Felix Ampah chose a life of art and teaching in the Twin Cities over a position of leadership in the government of his native Ghana.
Ampah, an award-winning professor of art and graphic design at the Minneapolis Community and Technical College, died on Feb. 26 at his Richfield home of a pulmonary embolism.
He was 53.
Ampah, who taught at the college for 26 years and was chairman of the art and design department several times, also owned the Ampah Gallery of fine art in Richfield with his wife.
In 1977, he came to the Twin Cities to study art at the Minneapolis College of Art and Design, earning a bachelor's degree in 1979.
His college classmate and colleague, Jake Jacobson, said Ampah "was probably the heart of the program" at the college.
"He was the quiet leader, behind the scenes of the program," Jacob said. "He was a genuinely humble person."
Ampah was a member of the royal family in the Abeadze Dominase Traditional Area in Ghana. He was being groomed for a leadership role in Ghana's government, but his family gave their blessing for him to study art in America.

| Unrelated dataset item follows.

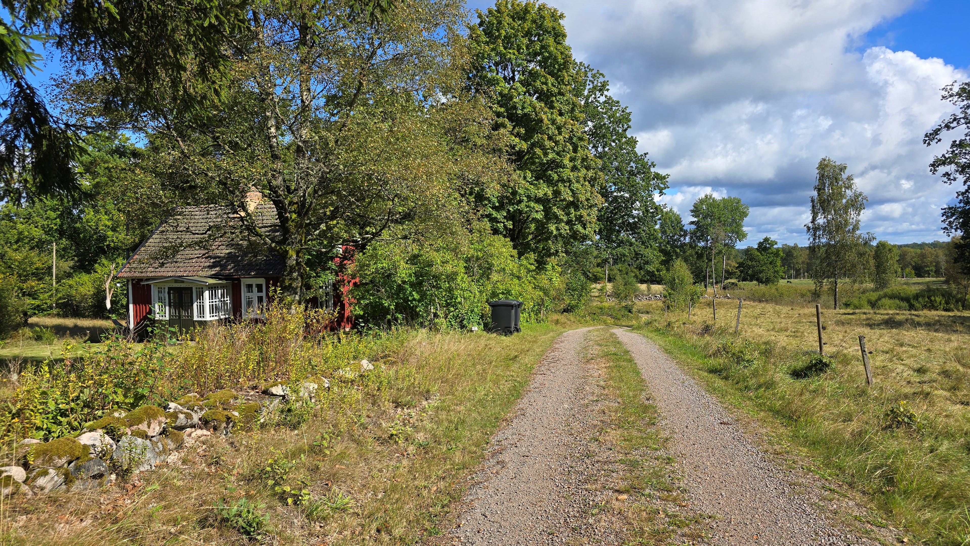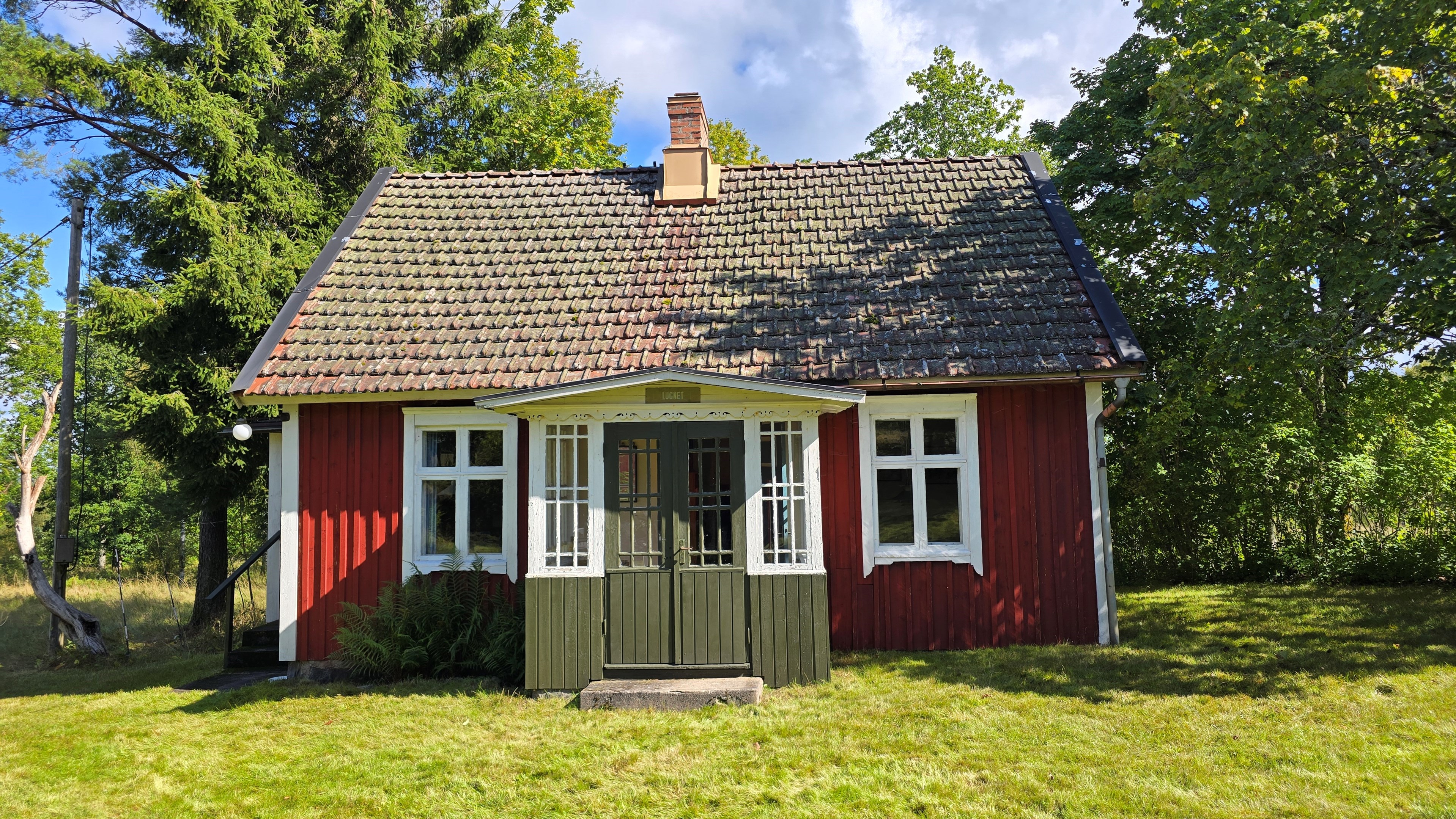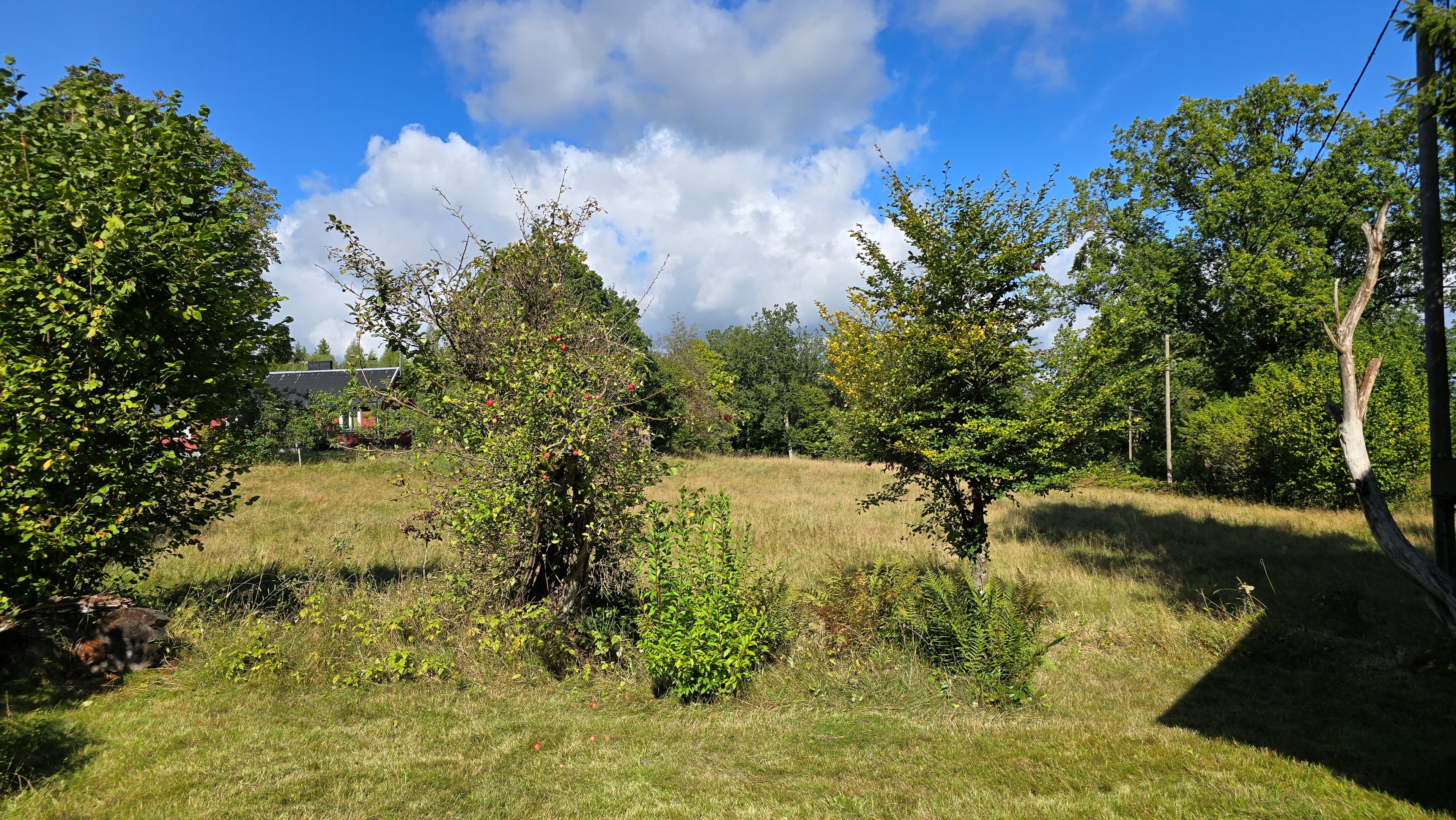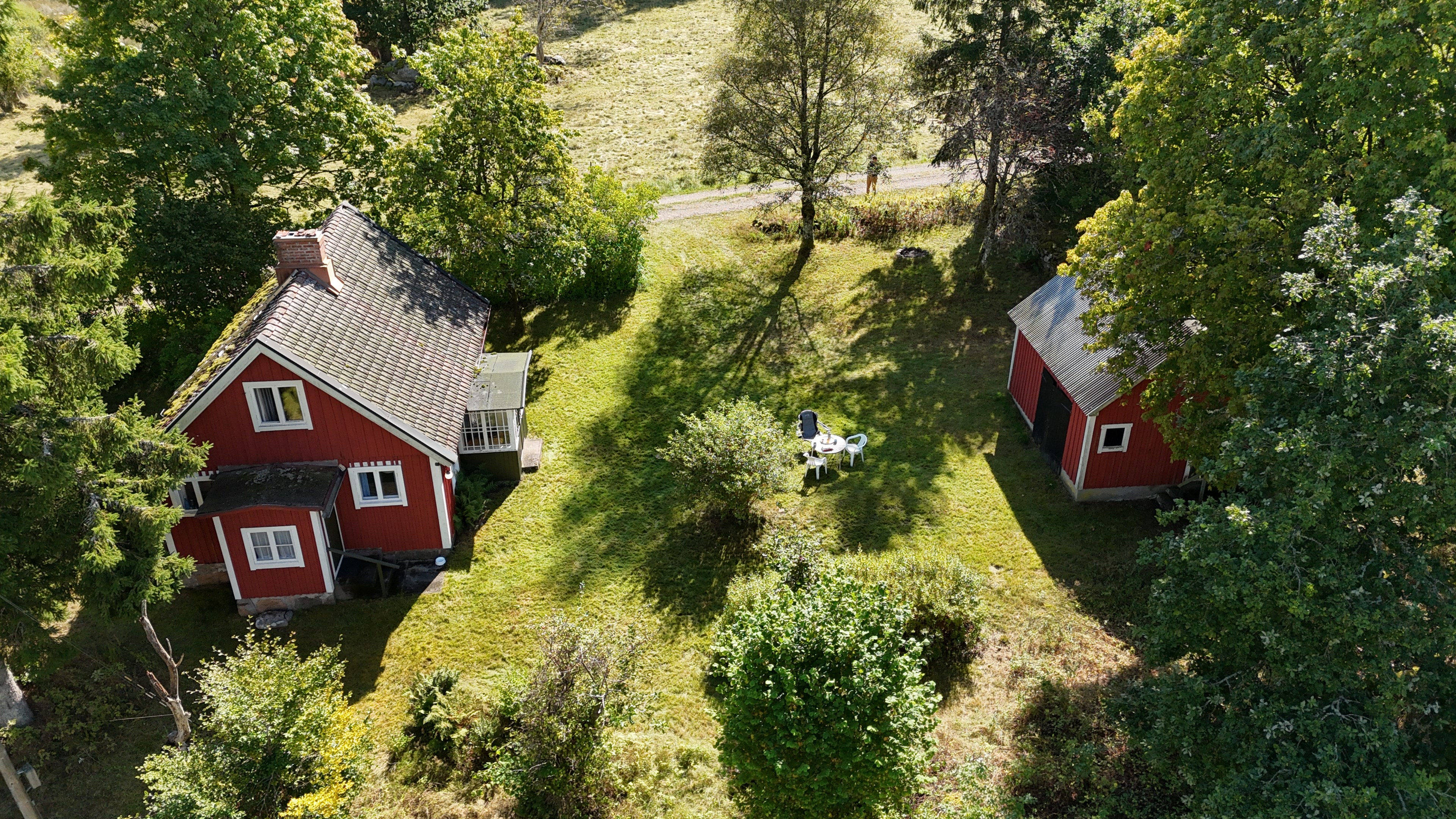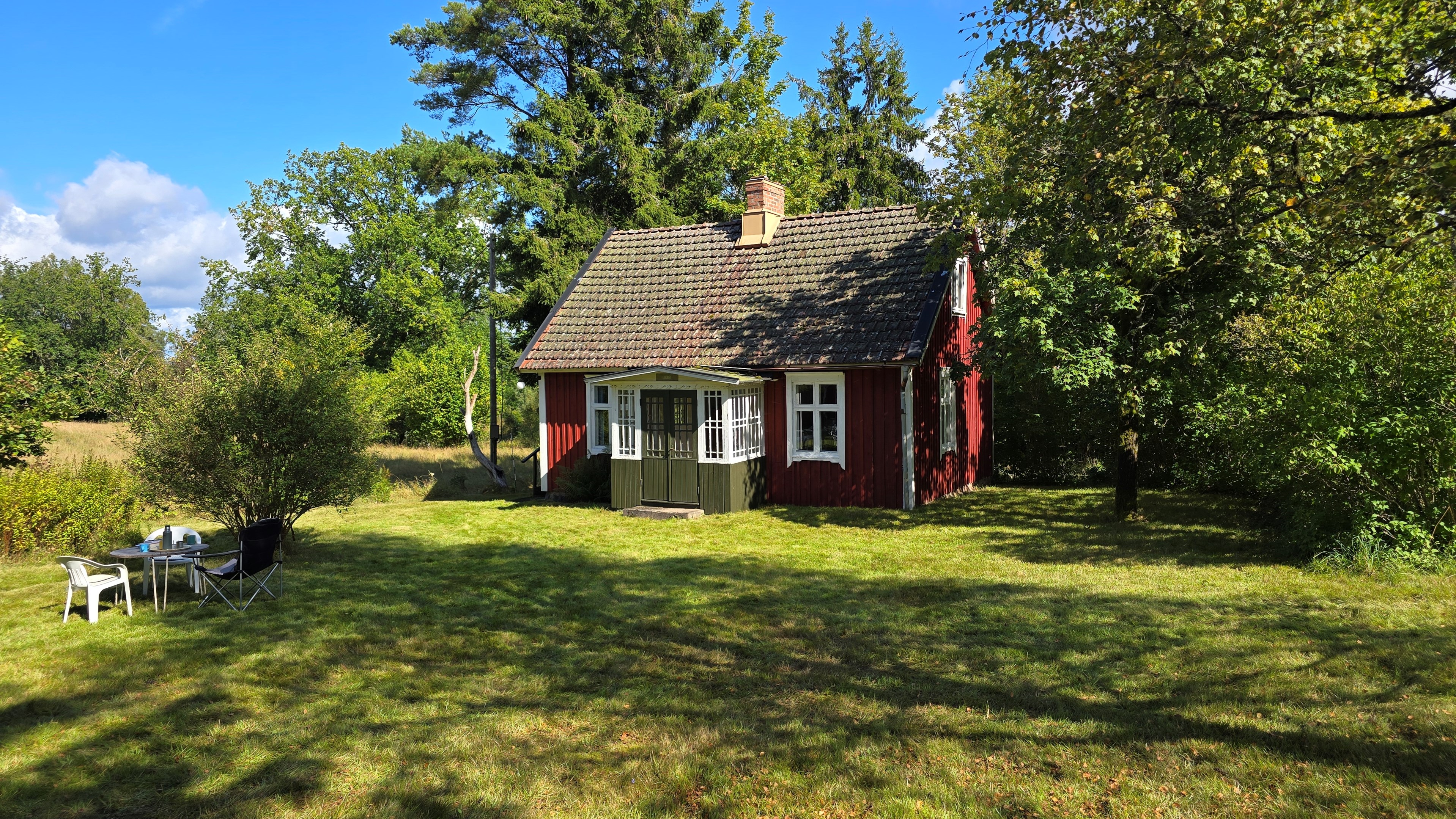 Torp från 1908 på ca 72 m2 + källare och uthus på ca 20 m2. Enkel standard, el indraget men ej vatten. Utedass. 1 545 m2 naturskön och enslig tomt, omgiven av ängar och blandad skog. 6 km till Lagan och 13 km till Össjöasön. 100 km från Helsingborg. Filmvisning: https://youtu.be/IXhzmSxTAjY Hässlehult 3254 vid Markaryd är ett mysigt torp från 1908 på ca 72 m2 boyta + ca 20 m2 i källaren där det finns gammal bakugn och vedspis (ej i bruk). Huset har varit i samma danska familjs ägo sedan 1964 och har en gång varit på framsidan av tidningen Bo Bedre. Huset är i grundläggande gott skick, men har en enkel standard utan indraget vatten eller badrum. Utedass finns i uthuset. El finns indraget med äldre installationer och det finns grävd brunn på tomten, där man hämtar vatten med spann. Brunnen kan sina på hösten och då hämtas vatten hos grannen. På taket ligger gamla tegelpannor, men undertaket har varit bytt en gång och de gamla pannorna återanvändes. Otäthet fanns förr omkring skorstenen, men detta har åtgärdats med ny plåt omkring skorstenen, så det som syns på övervåningen är endast kosmetiskt. Hängrännor saknas delvist och borde monteras. Fönster är enkelglas med innerfönster i bottenvåningen (ett par glas har sprickor) och på övervåningen är det kopplade dubbelglas från omkring 1965 när övervåningen inreddes. Värme från enstaka direktverkande element och därutöver en effektiv Jøtul braskamin i vardagsrummet (godkänd). Det finns även vedspis i köket och en braskamin på övervåningen, som inte är i bruk, ut över vedspisen och bakugnen i källaren, som heller inte är i bruk. Huset består av köksingång i tillbyggnad med plastmatta på golvet, pärlspont på väggarna, plank i taket och säkringsskåp. Rymligt kök med linoleum på golvet (trä under), mjuk masonit i taket (trä bakom), matplats, skåp och emaljerad vedspis. Liten hall med trappa till övervåningen och lucka i golvet till källaren. Ytterligare köksrum med plastmatta på golvet, diskbänk (ej vatten, avlopp till skogen eller enkel stenkista), elspis med två plattor, kyl/frys och inbyggda skåp. I detta rum kunde man ev. inreda badrum i framtiden, om man önskar. Vardagsrum med trägolv, mjuk masonit i taket, bäddsoffa, Jøtul braskamin och utgång till trädgården via den mysiga glasverandan. Sovrum med trägolv och våningssäng. På övervåningen finns ett stort rum, som delas i två sektionen av skorstenen. Trägolv och träpanel på väggar och tak. I sektionen närmast trappan finns dubbelsäng, garderob och en emaljerad Husqvarna braskamin (ej i bruk). I den andra sektionen finns det fyra platsbyggda enkelsängar längs med väggarna. De flesta möbler och annat lösöre kan köpas till eller medfölja, enl. önskemål och avtal med säljarna. Ut över huset finns ett uthus på ca. 20 m2 + vind till lagring. Uthuset har bra plåttak och ett rum till vedlager, ett rum till lagring av redskap och maskiner och ett trippel utedass. 1 545 m2 (friköpt) trädgård och naturtomt, omgiven av gräsängar och blandad skog, med fina stengärdsgårdar i tomtgränsen och inne på tomten. Vacker utsikt över ängarna och vägen hit är en liten otrafikerad grusväg, som slutar en kort bit förbi huset, där det enda grannhuset ligger. Grannhuset är inte bebott, utan ägs av de som äger den stora gården i området. Huset sköts och gräset klipps, men används i övrigt sparsamt på helgerna och är inte störande på något vis. Ca. 1,5 km. från huset till Vänneån med goda fiskemöjligheter och ca. 6 km. till den stora ån Lagan. Ca. 12 km. till Knäred samhälle med affärer och utomhusbadet Flammabadet samt Prästaskogens naturreservat med vandringsleder och Kvarnfallet i Krokån. Ca. 13 km. till fin barnvänlig badplats i Össjöasjön. Ca. 17 km. till Markaryd samhälle och ca. 20 km. till Skogaby golfklubb. Ca. 23 km. till Mästocka Ljunghed naturreservat och ännu en fin badplats i Björsjön. Ca. 35 km. till Vallåsen Bike-Park och skidbacke på Hallandsås och till Kungsbygget Äventyrspark med zipline och rodelbana sommartid. Ca. 38 km. till havet och Mellbystrand. Ca. 100 km. från Helsingborg och ca. 155 km. från Malmö.

"He loved art," Jacobson said. "Since he was a child, his brush really never stopped moving."
Jacobson said Ampah strove to make his gallery a place to "celebrate life and art," with an eye to educating patrons about fine art, and showing the work of up-and-coming artists. Seminars on art also are given at the gallery.
At the Minneapolis Community and Technical College, he taught art history, upper-level design and fine art classes.
Ampah gave time to his students freely after class, and was always encouraging them.
"He would make them feel they were on top of the world," Jacobson said.
Ampah was named the college's first Teacher of the Year in 2005 and 2006, and the Minnesota State Colleges and Universities system honored him with the Board of Trustees Award for Excellence in Teaching in 2007.
Deta Halilovic of Minnetonka, a former student and graphic arts specialist on the college staff, said Ampah was a "really good lecturer" but was known for his support of sensitive art students.
"He really had his ways to boost your confidence," Halilovic said. He gently "got me to think from different angles."
Ampah holds an English degree from a Ghanian university, and a master of fine arts degree from what is now called California College of the Arts, San Francisco and Oakland.
For several years, he was an adjunct professor at the University of Minnesota.
His wife, Silvia, will carry on his work at their art gallery.
The gallery "was his dream," she said.
In addition to his wife, he is survived by his sons, Oliver and Antony, both of St. Louis Park; brothers Philip Stephen and Patrick, of Ghana; sisters Theresa and Irene, of Ghana, and many extended family members in Ghana..
Services in Minneapolis have been held. Services in Ghana are planned.